Let me add a table, as a reminder on logic of being:

Indeed, as it is easy to see that reality has a necessary being root (something of independent existence that therefore has neither beginning nor end), given that traversal of the transfinite in finite temporal-causal steps is a supertask and given that were there ever utter non-being, as such has no causal powers that would forever obtain, if a world now is, something thus always was. Thus, too, the question is: what that necessary being is, and that is further shaped by our being under moral government starting with our rationality.

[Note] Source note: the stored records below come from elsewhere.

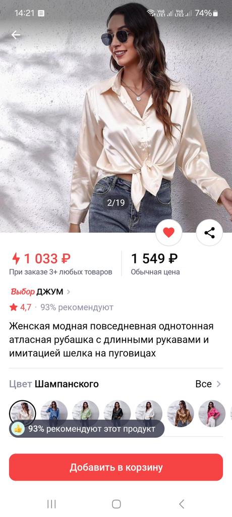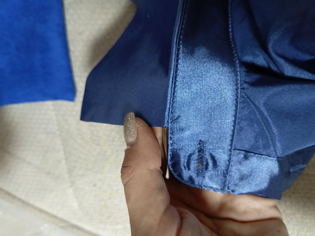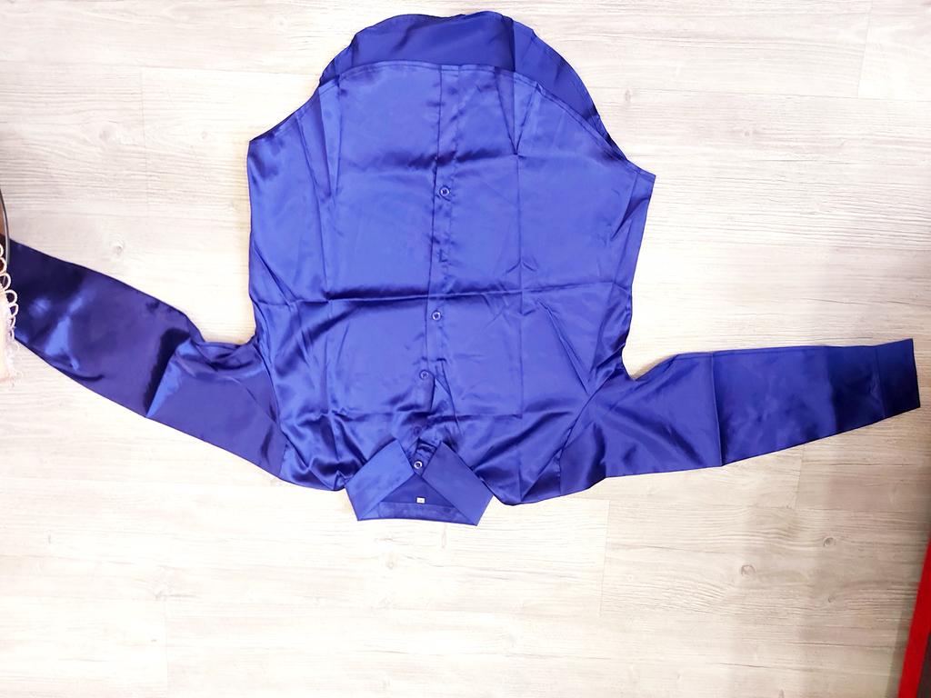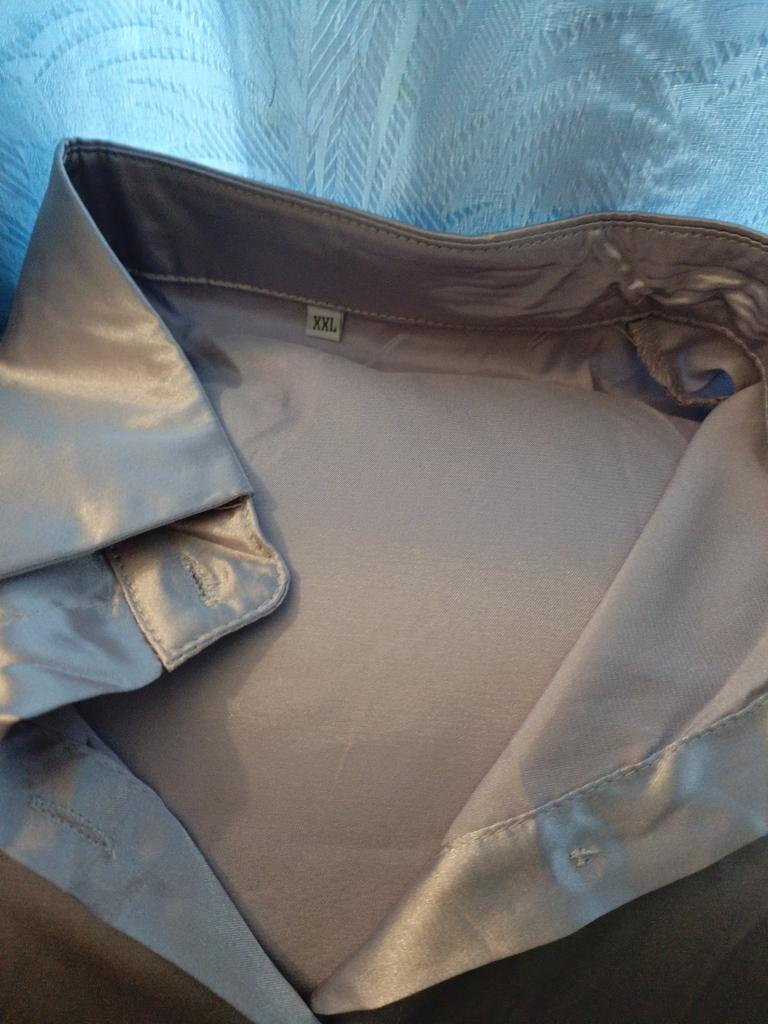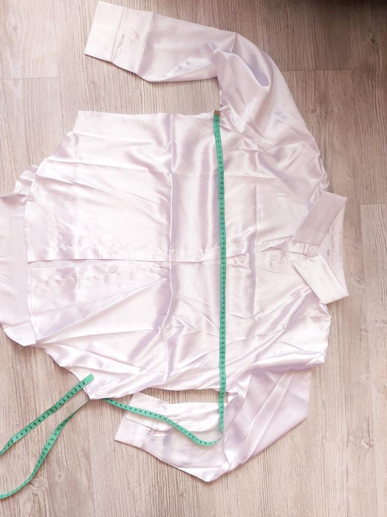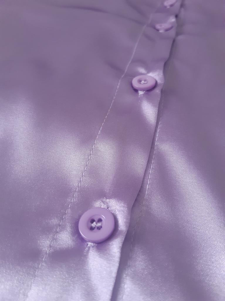 Blouse of high quality tailoring, the color is a little darker than in the photo. Satin, shorter at the front than at the back. Very beautiful, I recommend it.
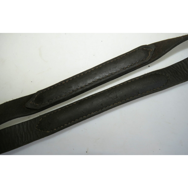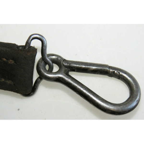 Leather strap for MG34 or MG42 machine guns made of dense leather in excellent condition with visible signs of field use the leather remains soft flexible and without cracks metal fittings bear Waffenamt markings wear is consistent with field use overall condition excellent
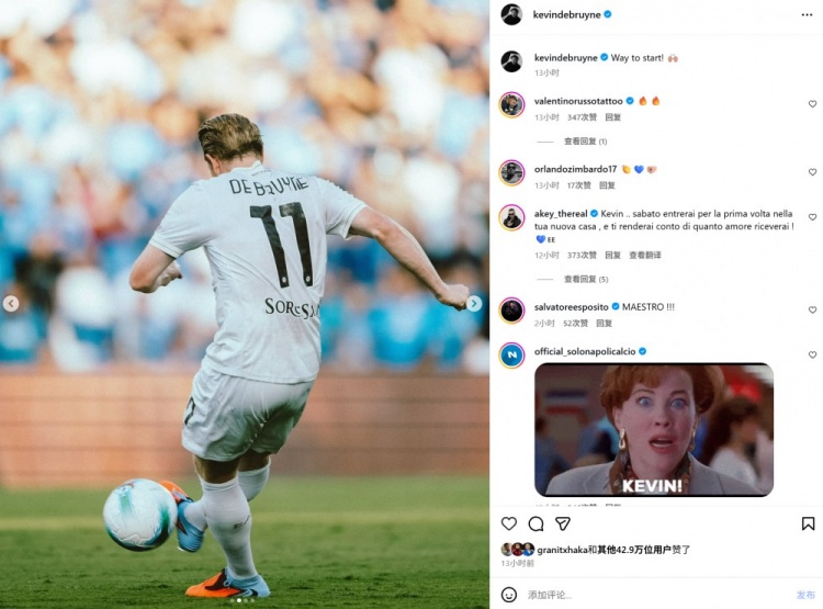 意甲首战破门,德布劳内社媒晒破门蓦地:以可以的边幅开启新赛季
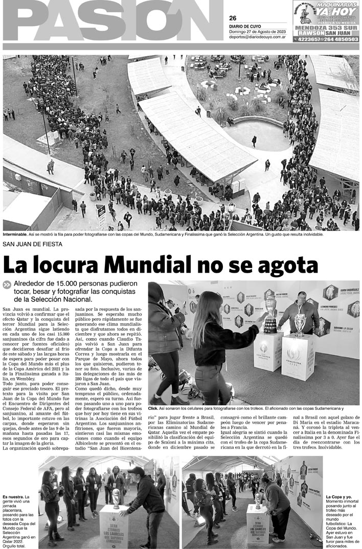 Diario de Cuyo | HOME | Noticias Tapa Pasión 27 de Agosto del 2023 Por Redacción Diario de Cuyo 26/08/2023 · 0:00 Escuchar la noticia Escuchar la noticia Your browser doesn’t support HTML5 audio Ver los comentarios ›
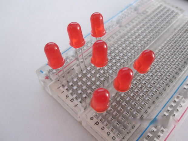 Enciende el LED 2 (5, 6 +) y 3 LED (9, 10). LED 4, en el centro, debe ser estirada entre (4-, 7 +). Los últimos 3 LED ir directamente debajo de los 3 primeros LED, pero en el otro lado de la protoboard.
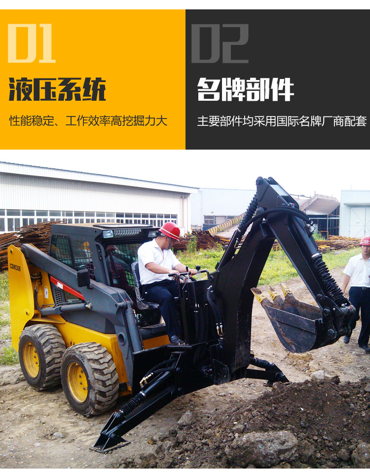 公司在提供全系列滑移机主机同时,自主研发生产相关配套附具。包括挖掘机、钻孔机、开沟机、清扫机、搅拌机、切割机、割草机、液压破碎锤、推土板、组合铲、抓木抓草叉、叉运铲等几十种作业附具。并可根据用户需求研发专项用途的作业机具。
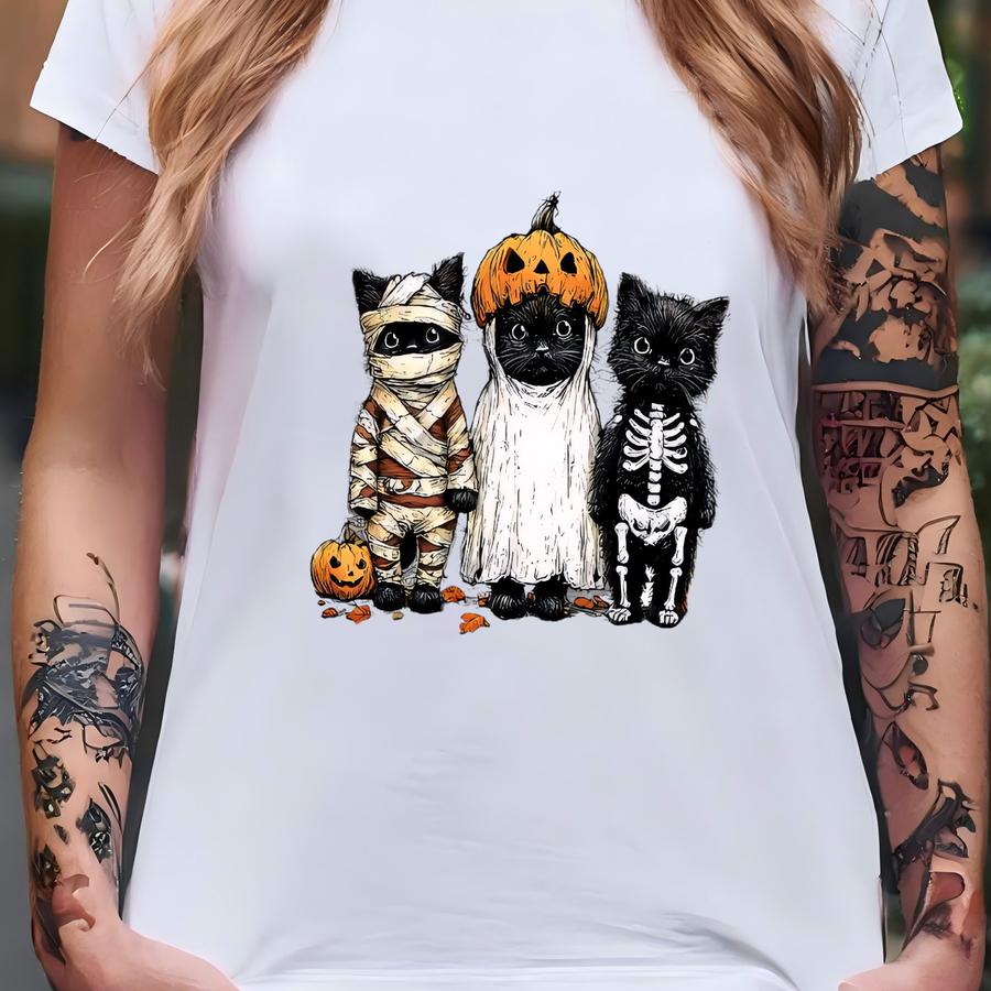 Retro Halloween Shirt: Spooky Cats In Costumes T-shirt
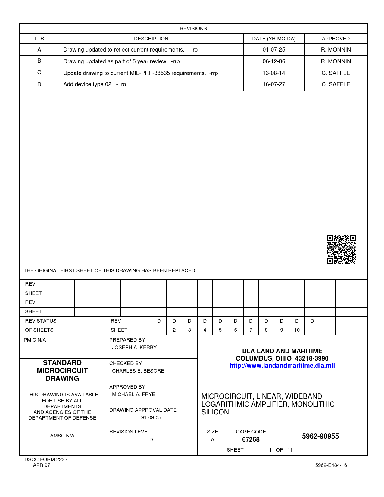 REVISIONS LTR DESCRIPTION DATE (YR-MO-DA) APPROVED A Drawing updated to reflect current requirements. - ro 01-07-25 R. MONNIN B Drawing updated as part of 5 year review. -rrp 06-12-06 R. MONNIN C Update drawing to current MIL-PRF-38535 requirements. -rrp 13-08-14 C. SAFFLE D Add device type 02. - ro 16-07-27 C. SAFFLE THE ORIGINAL FIRST SHEET OF THIS DRAWING HAS BEEN REPLACED. REV SHEET REV SHEET REV STATUS REV D D D D D D D D D D D OF SHEETS SHEET 1 2 3 4 5 6 7 8 9 10 11 PMIC N/A PREPARED BY JOSEPH A. KERBY DLA LAND AND MARITIMECOLUMBUS, OHIO 43218-3990STANDARD CHECKED BY http://www.landandmaritime.dla.milMICROCIRCUIT CHARLES E. BESORE DRAWING APPROVED BY THIS DRAWING IS AVAILABLE MICHAEL A. FRYE MICROCIRCUIT, LINEAR, WIDEBAND FOR USE BY ALL DEPARTMENTS LOGARITHMIC AMPLIFIER, MONOLITHIC AND AGENCIES OF THE DRAWING APPROVAL DATE SILICON DEPARTMENT OF DEFENSE 91-09-05 REVISION LEVEL SIZE CAGE CODE AMSC N/A 5962-90955 D A 67268 SHEET 1 OF 11 DSCC FORM 2233 APR 97 5962-E484-16
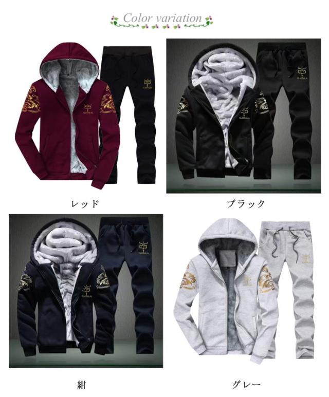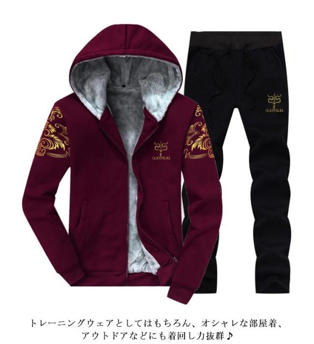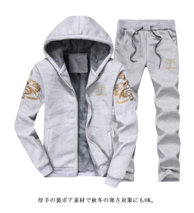 | 大人の雰囲気が漂うスポーティーでオシャレなジャージセットアップです。 上下ともに目を惹くゴールドプリントがアクセントに トップスは気軽に羽織ることができるジップパーカー、ボトムスは履きやすいイージーパンツ仕様。 厚手の裏ボア素材で秋冬の寒さ対策にもOK。 トレーニングウェアとしてはもちろん、オシャレな部屋着、アウトドアなどにも着回し力抜群♪ | |
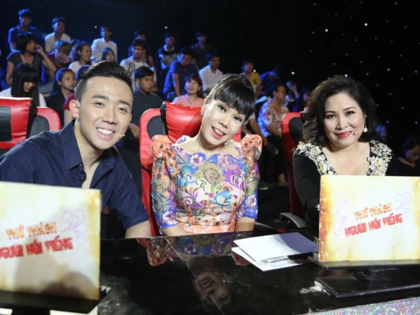 NSND Hồng Vân, nghệ sĩ Việt Hương và Trấn Thành trên ghế giám khảo gameshow Thử thách người nổi tiếng.
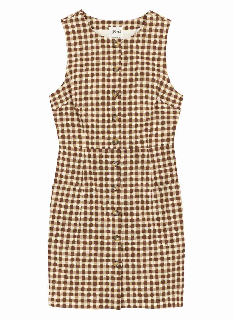 Ashley Gingham Boat Neck Mini Dress - Brown
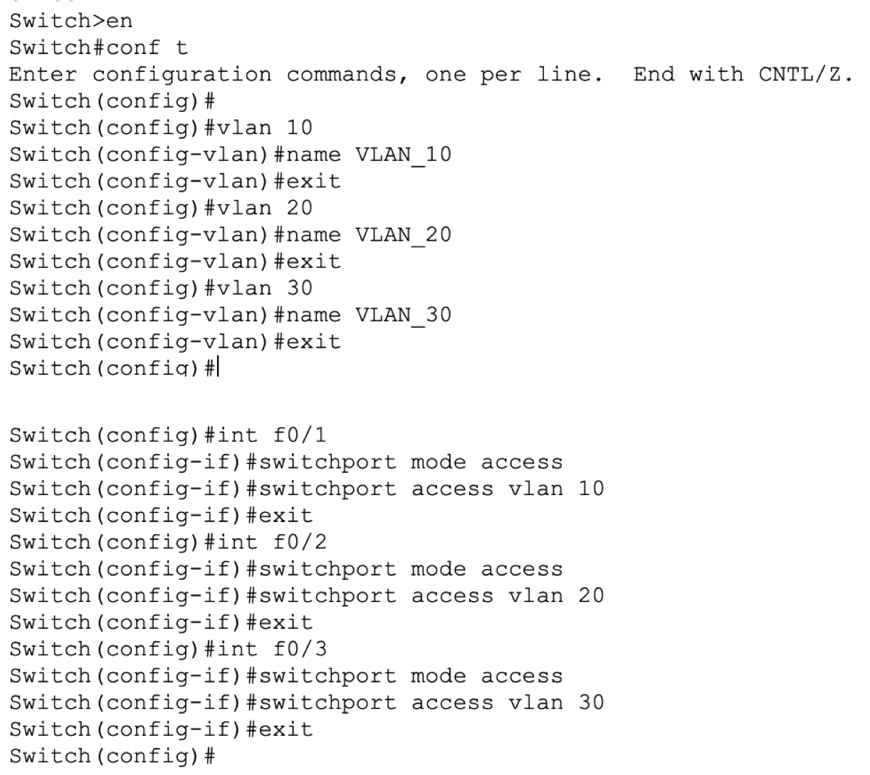 Switch(config-vlan)# name VLAN_10 : 이름 VLAN_10으로 설정
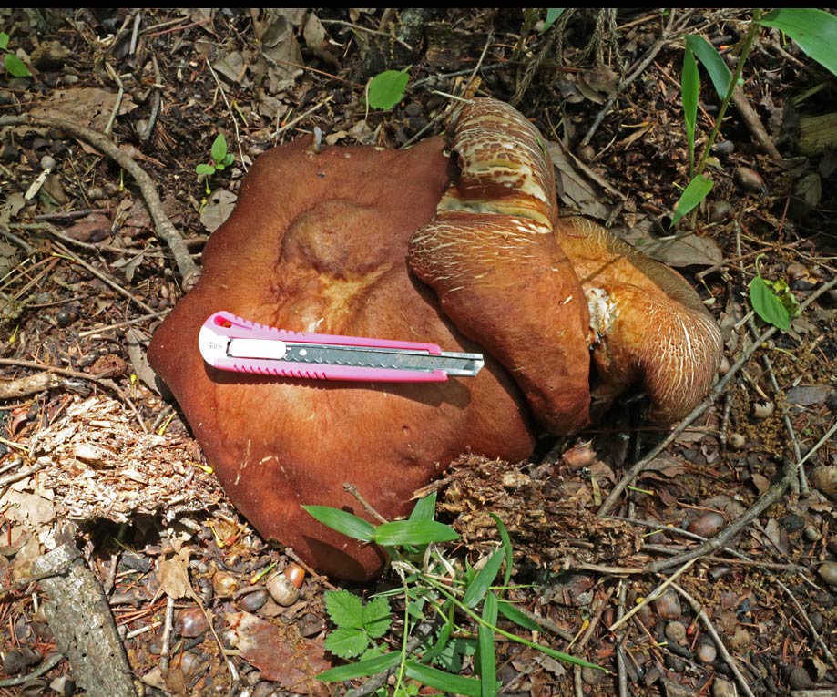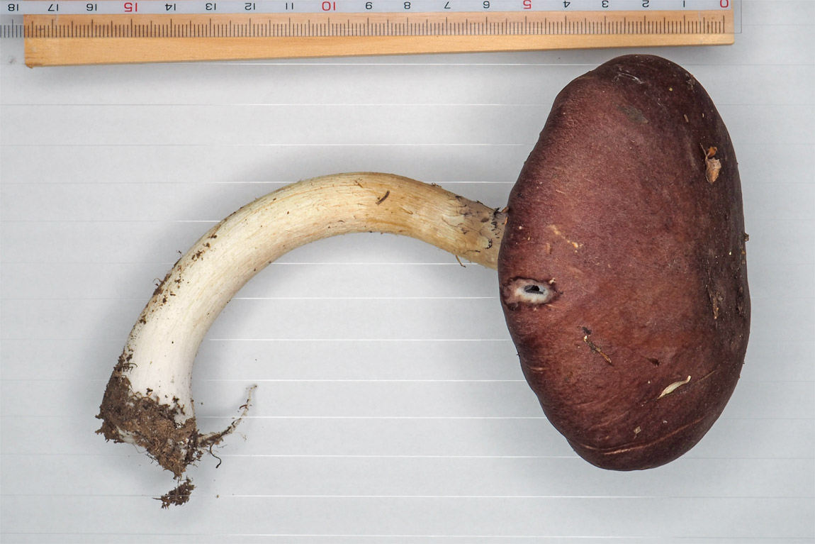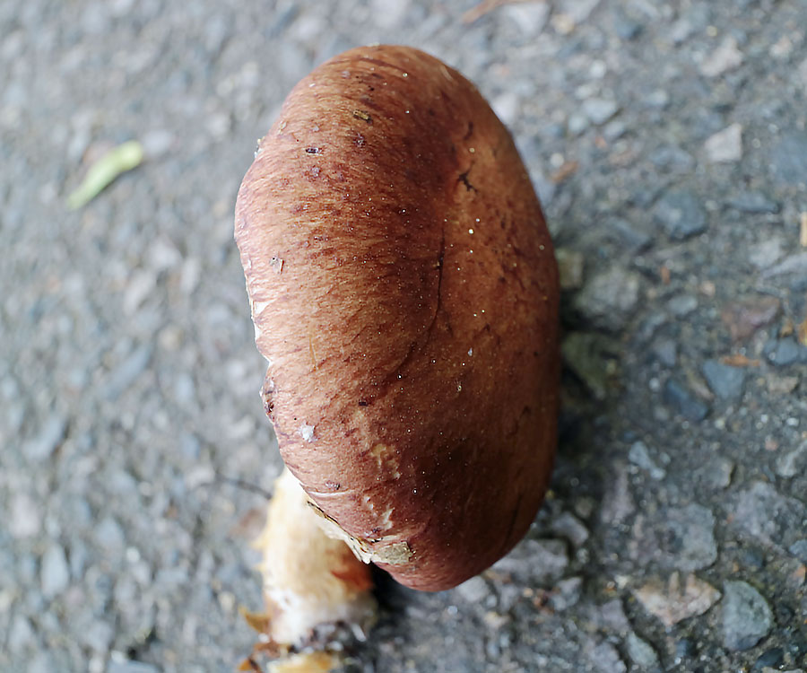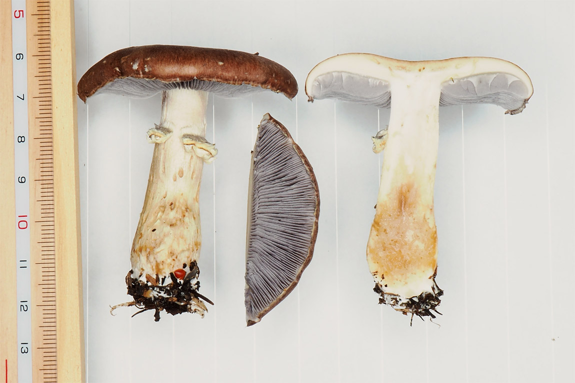 7.0-15.0p まんじゅう形→平ら 赤褐色−ぶどう酒褐色−暗褐色→褐色−灰褐色 平滑(内生繊維状−繊維状鱗被でおおわれる) 湿時粘性あり

Where also, a serious candidate to be a necessary being either is, or is impossible of being as a square circle is impossible of being. Where, a necessary being is a world-framework entity: a component of what is necessary for there to be any world. God as historically understood through theism is clearly such a serious candidate (if you doubt, kindly justify: ____ ), and so the one who poses as knowing that God is not implies having warrant to hold God impossible of being. Where, given the centrality of root of reality, ducking the question is clearly irresponsible.

In short, asserting or implying atheism requires a serious — and unmet — burden of warrant. END

Comments
F/N: Perhaps, then, we can hear Cicero with fresh ears? I clip:
—Marcus [in de Legibus, introductory remarks,. C1 BC]: . . . the subject of our present discussion . . . comprehends the universal principles of equity and law. In such a discussion therefore on the great moral law of nature, the practice of the civil law can occupy but an insignificant and subordinate station. For according to our idea, we shall have to explain the true nature of moral justice, which is congenial and correspondent [36]with the true nature of man.
[--> Note, how justice and our built in nature as a morally governed class of creatures are highlighted; thus framing the natural law frame: recognising built-in law that we do not create nor can we repeal, which then frames a sound understanding of justice. Without such an anchor, law inevitably reduces to the sort of ruthless, nihilistic might- and- manipulation- make- "right,"- "truth,"- "knowledge,"- "law"- and- "justice"- etc power struggle and chaos Plato warned against in The Laws Bk X.]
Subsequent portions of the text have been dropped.